The UAE’s electricity demand projections are staggering. Based on future development plans, the current installed capacity of energy will need to double by 2015. The amount of energy the UAE consumes is set to treble by 2020 – a reflection of a very energy-intensive lifestyle. Even as the energy-producing Middle East sells its wares in lucrative global markets, the UAE looks set to suffer from the resulting demand and price rise.
The UAE has one of the highest per capita gas consumption rates in the world. Until recently, the assumption was that demand growth would be met by creating additional generation capacity, fed by limitless gas resources. Governments in the region acted in line, seeking to locate energy intensive industries such as aluminium smelting and sponsoring the building boom.


However, a significant shift occurred in the past year. Although gas, the principal fuel for power generation and desalination, is abundant in the region, the assumption that it would flow as a cheap resource to underpin the UAE’s growth no longer makes sense.

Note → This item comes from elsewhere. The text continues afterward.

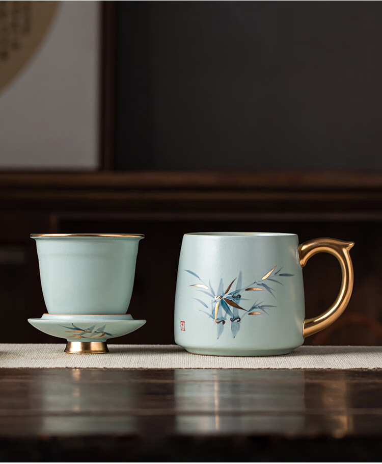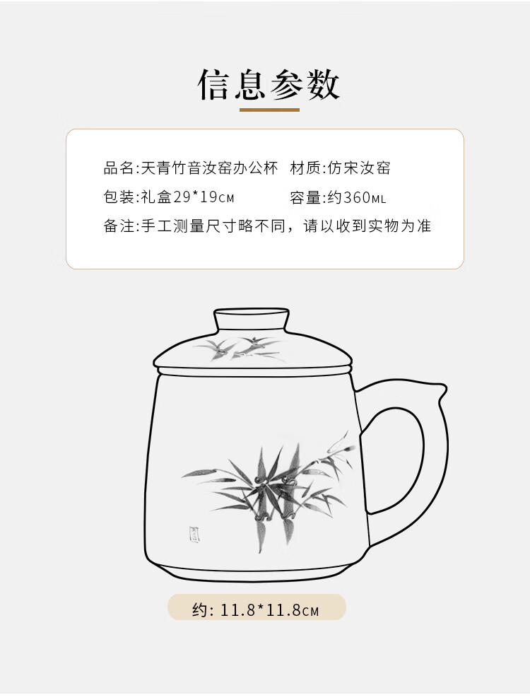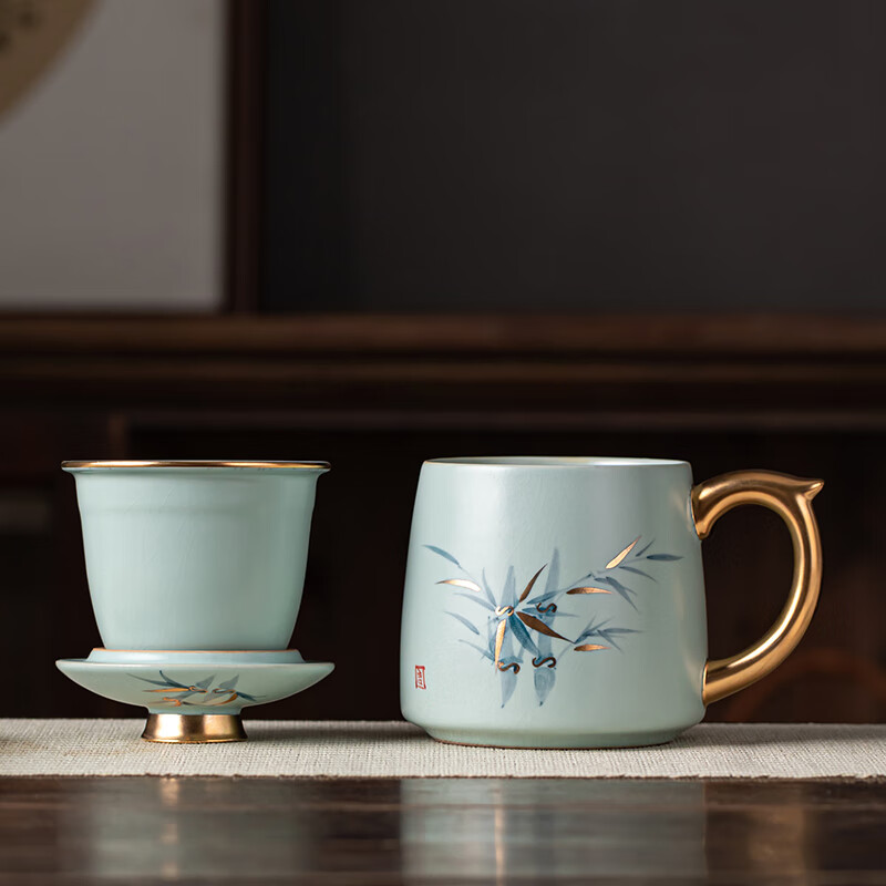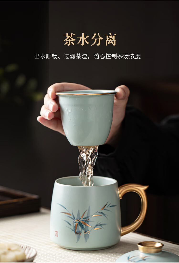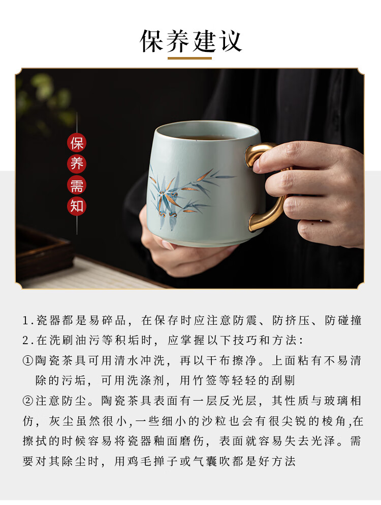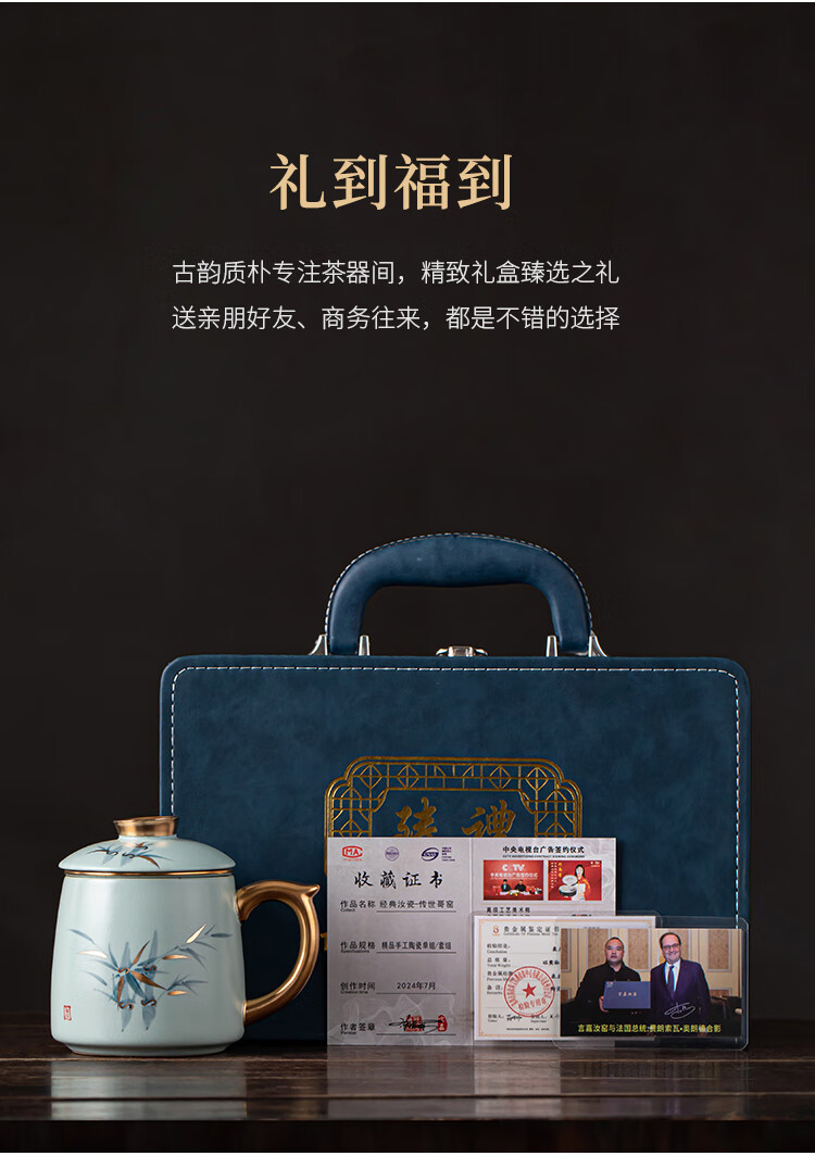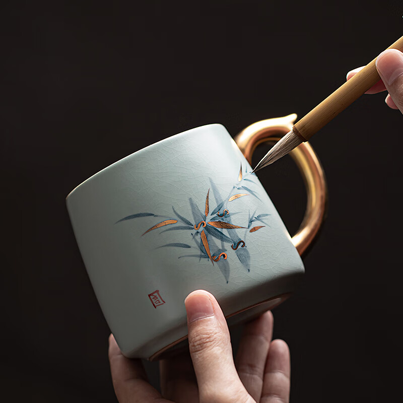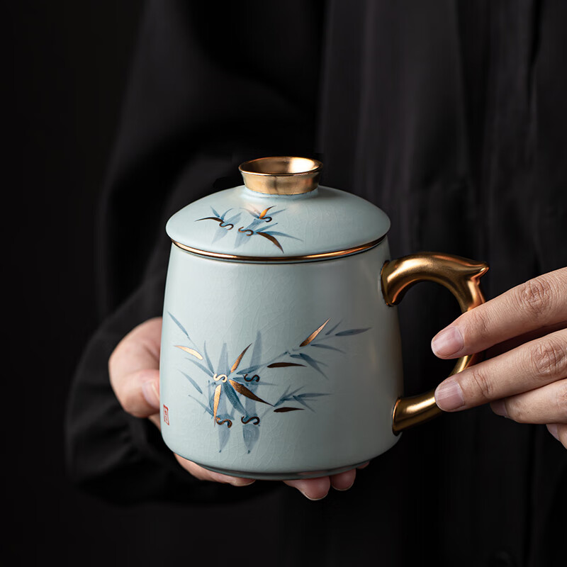 天青汝窑 可养开片 名家手绘 描金工艺 经典器型 茶水分离 图案雅致 礼赠佳品 材质:陶瓷 个数 1个 工艺 :高温烧制 配置清单 茶杯*1 证书*1 礼盒*1

Abu Dhabi’s gas is increasingly used in the oil recovery process. Using this gas for electricity generation instead could cost millions of barrels of oil left unrecovered. Abu Dhabi’s untapped Shah Field gas resource can produce the equivalent of 50 per cent of current UAE consumption. However, this resource is earmarked for supporting the oil recovery process. Furthermore, the gas has a high content of sulphur which has to be removed at a cost nearly equivalent to the current wholesale price.